Bill Friskics-Warren wrote about Mavis Staples in April 2007 for The Washington Post:
At this point, recording an album of freedom songs might strike some as an exercise in nostalgia, but for Mavis Staples, one of the most stirring gospel and soul singers of all time, it couldn't be timelier -- or more prophetic. Outraged by what she saw in New Orleans after Hurricane Katrina, Staples reinvests the likes of "We Shall Not Be Moved" and "(Ain't Nobody Gonna) Turn Me Around" with the moral authority to speak to social and economic injustices that persist today.

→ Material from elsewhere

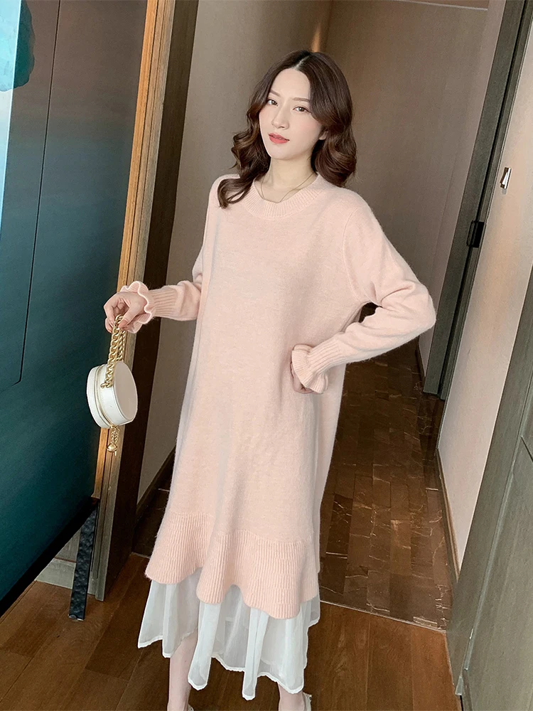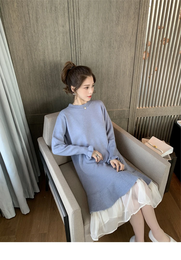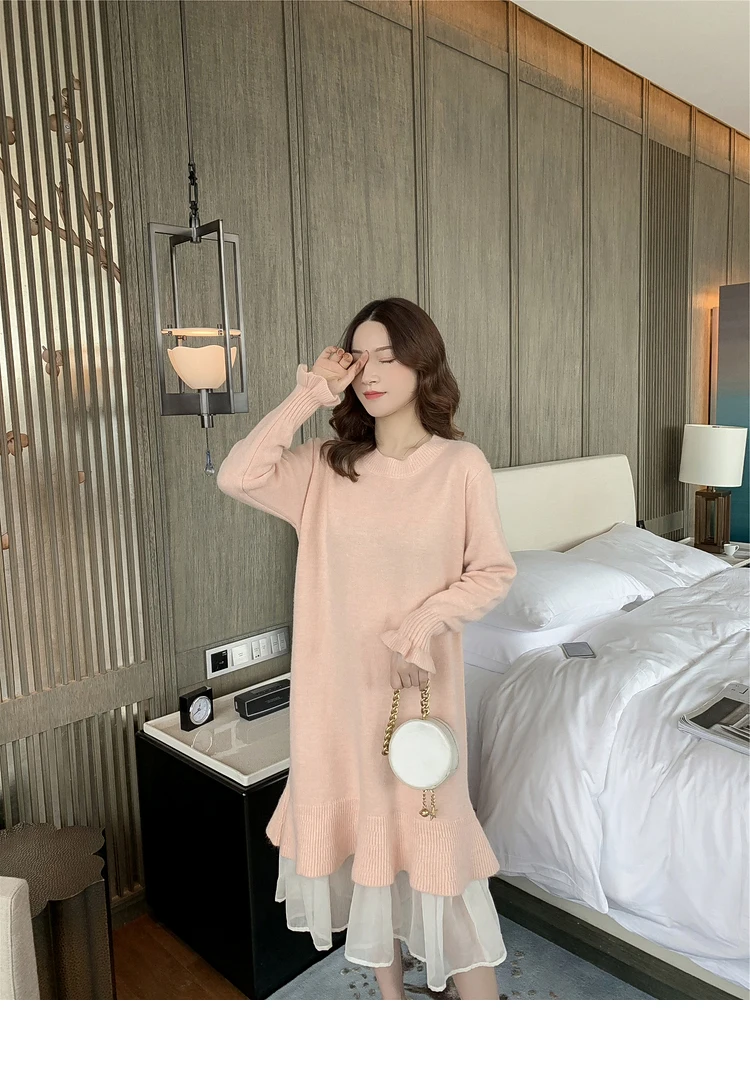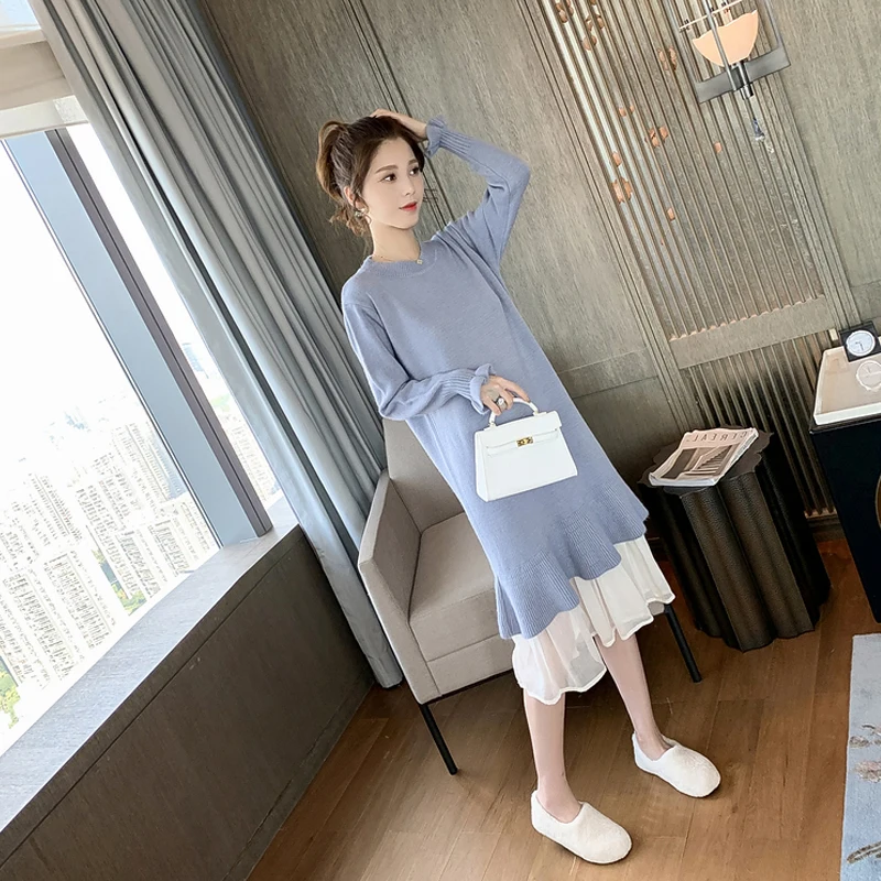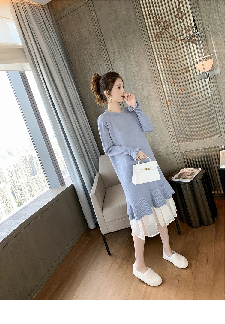 Длинное свободное вязаное платье с длинными рукавами и круглым вырезом для беременных женщин шифоновое платье-Русалка с оборками на подоле для беременных в стиле пэчворк

"Down in Mississippi / brothers in jail, uneducated children / It's the 21st century, it feels like it's 1960," she ad-libs in a searing remake of Dorothy Love Coates's "Ninety-Nine and a Half." Later, in "My Own Eyes," testifying to how as a little girl she and her father and siblings were jailed by Jim Crow police, she cries, "It's been almost 50 years / How much longer will it last? / We need a change now more than ever / Why are we still treated so bad?"
Staples enlists a cloud of kindred witnesses to join her in her call-and-response, notably Ladysmith Black Mambazo and members of the original Freedom Singers, all of whom have known oppression firsthand. Ry Cooder's gutbucket production lends the music further ballast. Often consisting of no more than Cooder's slide guitar and his son Joachim's ambient percussion or drum loops, the arrangements sound like 21st-century updates of the soul-folk that the Staple Singers patented back in the 1960s. Rarely have "remakes" sounded so tonic or inspired.